Your instructions
Retype nothing but the lines from the start of the material up to and including the line with "- Ambil secawan". Pictures don't belong in the copy.

Given information
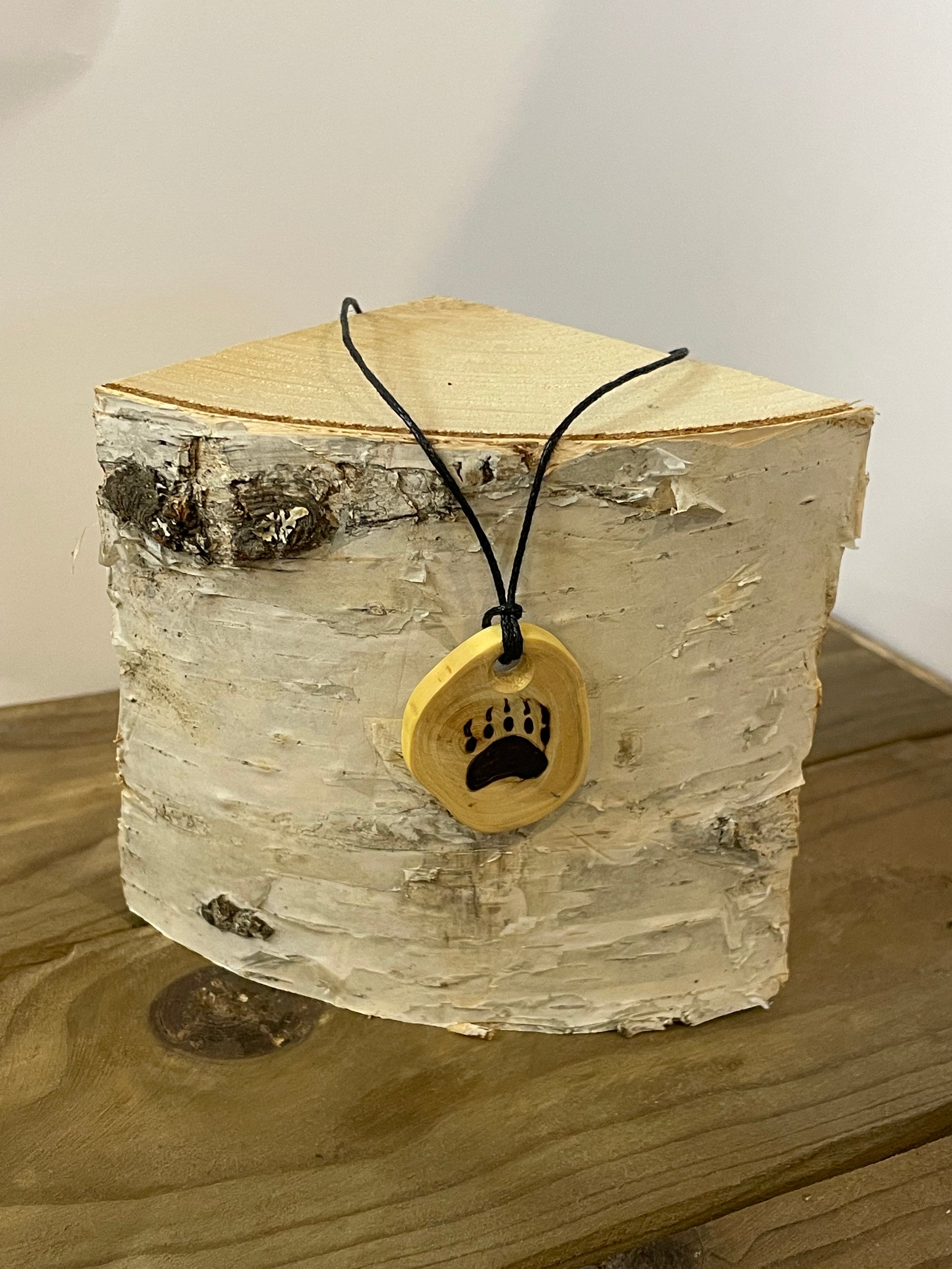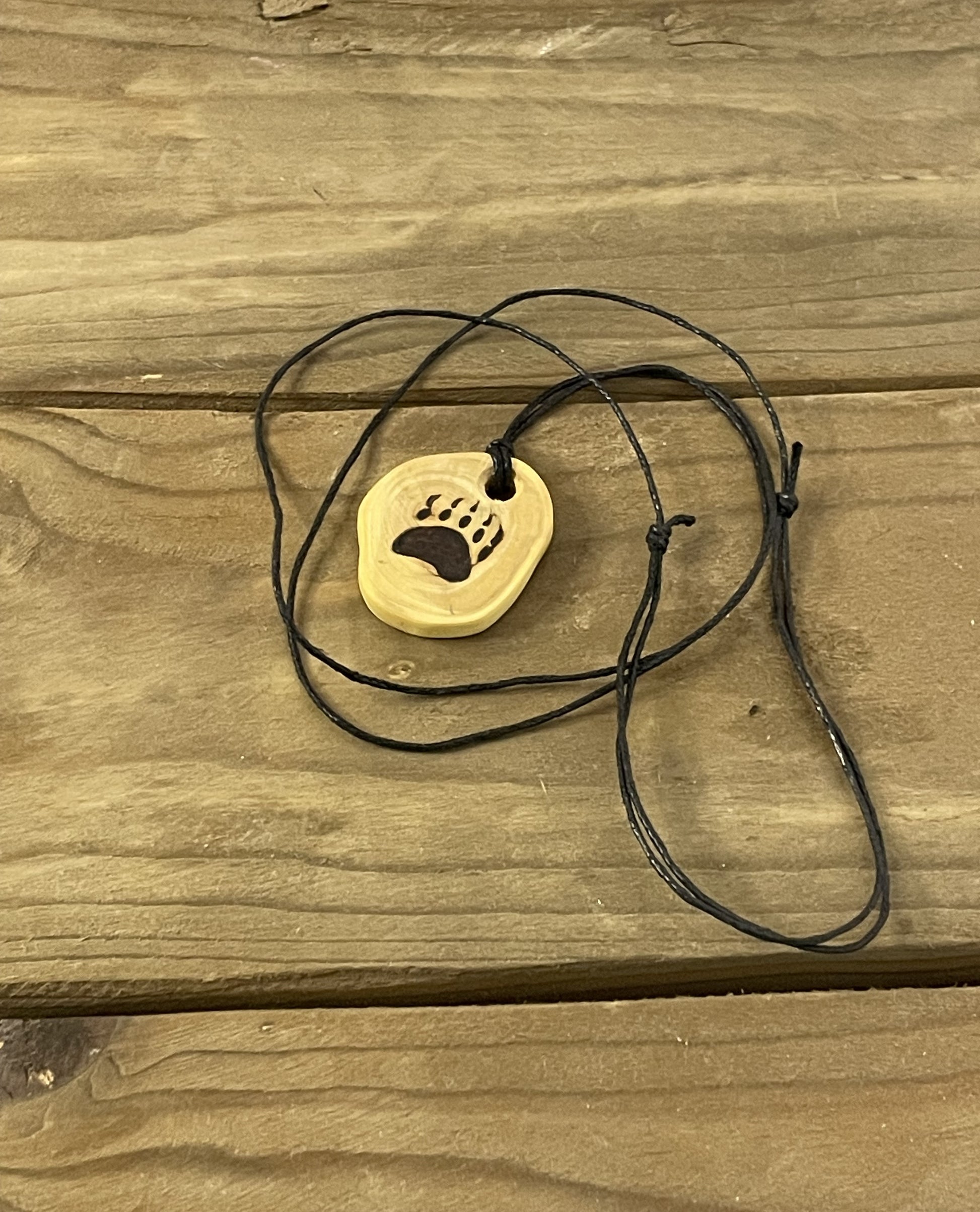 Katajainen kaulakoru, johon on polttokaiverrettu kuvio.
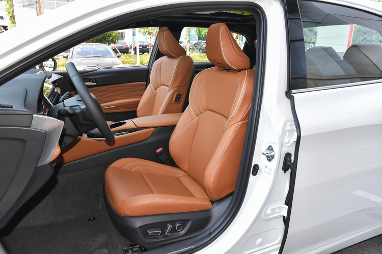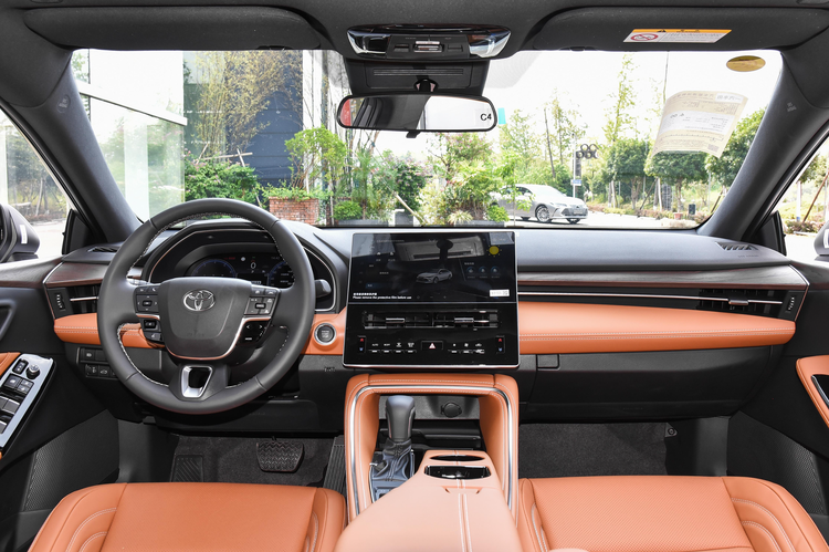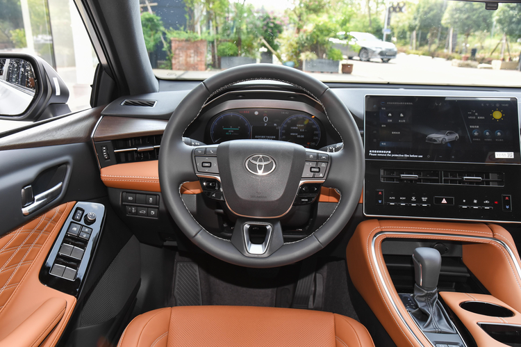 内饰方面是典型的丰田风格,无论是方向盘上密密麻麻的按键亦或是小尺寸的换挡杆看起来都比较熟悉,其中控台采用了隐藏式的空调出风口,整体布局布局也比较简洁。用料方面,中控台上方为搪塑工艺,下部分则是木纹饰板以及皮质包裹,不同的材质在干邑棕以及凝霜灰配色看上去尤为明显,这让它具备了还算不错的质感。
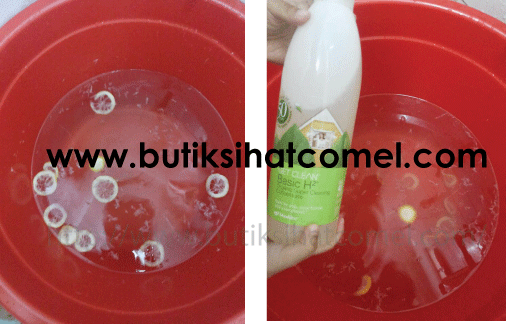 - Ambil secawan air suam , perahkan lemon tadi dan titiskan 2 titik Basic H ke dalam air,seterusnya hirisan lemon di rendam.
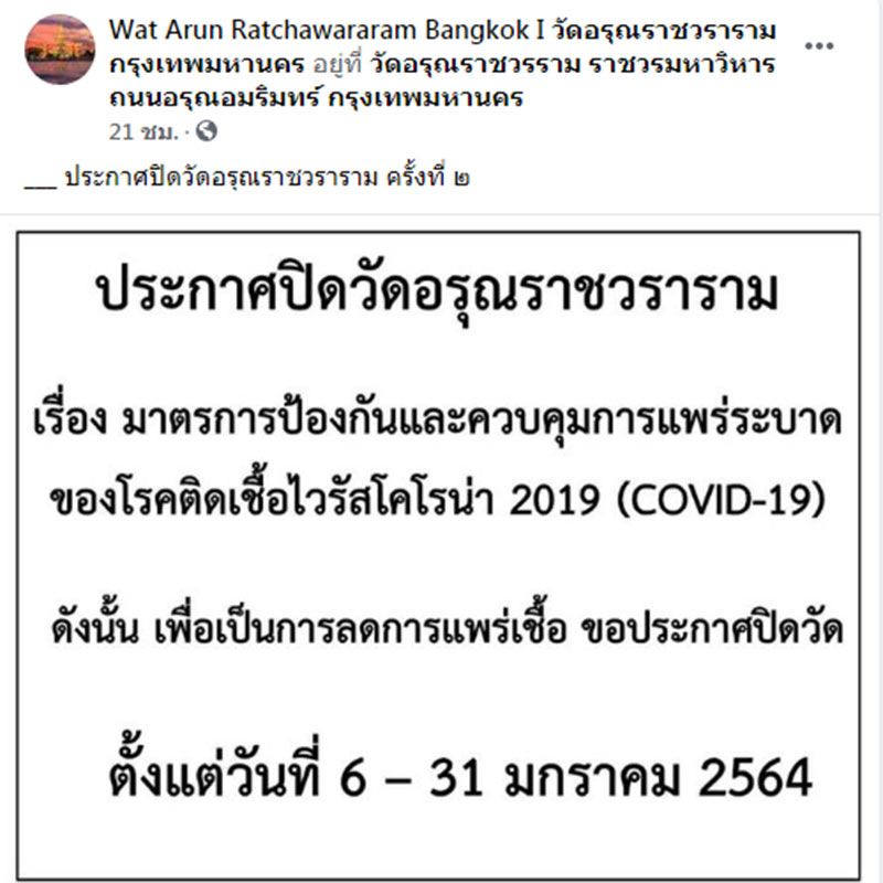 วันที่ 6 มกราคม 2564 เพจเฟซบุ๊ก Wat Arun Ratchawararam Bangkok วัดอรุณราชวราราม กรุงเทพมหานคร โพสต์ข้อความระบุว่า เนื่องจากสถานการณ์โควิดที่กำลังแพร่ระบาดในประเทศ รวมถึงมาตรการป้องกันและควบคุมการแพร่เชื้อไวรัสโคโรน่า (โควิด-19) เราต้องขออภัยที่ต้องแจ้งให้ทุกท่านทราบว่า ทางวัดอรุณราชวราราม จะปิดทำการ เพื่อลดการแพร่ระบาดของเชื้อไวรัส ตั้งแต่วันที่ 6 – 31 มกราคม 2564

Response to this task
 Katajainen kaulakoru, johon on polttokaiverrettu kuvio.
 内饰方面是典型的丰田风格,无论是方向盘上密密麻麻的按键亦或是小尺寸的换挡杆看起来都比较熟悉,其中控台采用了隐藏式的空调出风口,整体布局布局也比较简洁。用料方面,中控台上方为搪塑工艺,下部分则是木纹饰板以及皮质包裹,不同的材质在干邑棕以及凝霜灰配色看上去尤为明显,这让它具备了还算不错的质感。
 - Ambil secawan air suam , perahkan lemon tadi dan titiskan 2 titik Basic H ke dalam air,seterusnya hirisan lemon di rendam.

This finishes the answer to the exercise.